» **SOURCE DATA**:
****

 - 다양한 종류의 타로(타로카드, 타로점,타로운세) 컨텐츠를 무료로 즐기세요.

****

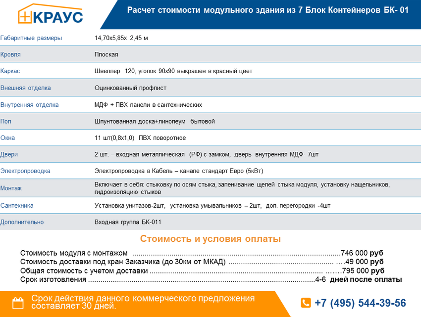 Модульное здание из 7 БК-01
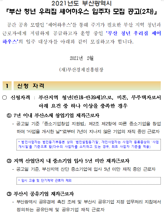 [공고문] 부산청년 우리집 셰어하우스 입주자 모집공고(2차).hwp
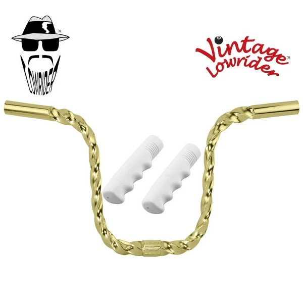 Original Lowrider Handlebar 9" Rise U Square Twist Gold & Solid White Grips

****

» **WORK INSTRUCTIONS**: An exact copy of the lines above from the one with "Модульное здание из 7 БК-01" up to and including the one with "Original Lowrider Handlebar" is required; reproduce only those lines, omitting all pictures.

» **SOLUTION FOR THIS PROBLEM**:
 Модульное здание из 7 БК-01
 [공고문] 부산청년 우리집 셰어하우스 입주자 모집공고(2차).hwp
 Original Lowrider Handlebar 9" Rise U Square Twist Gold & Solid White Grips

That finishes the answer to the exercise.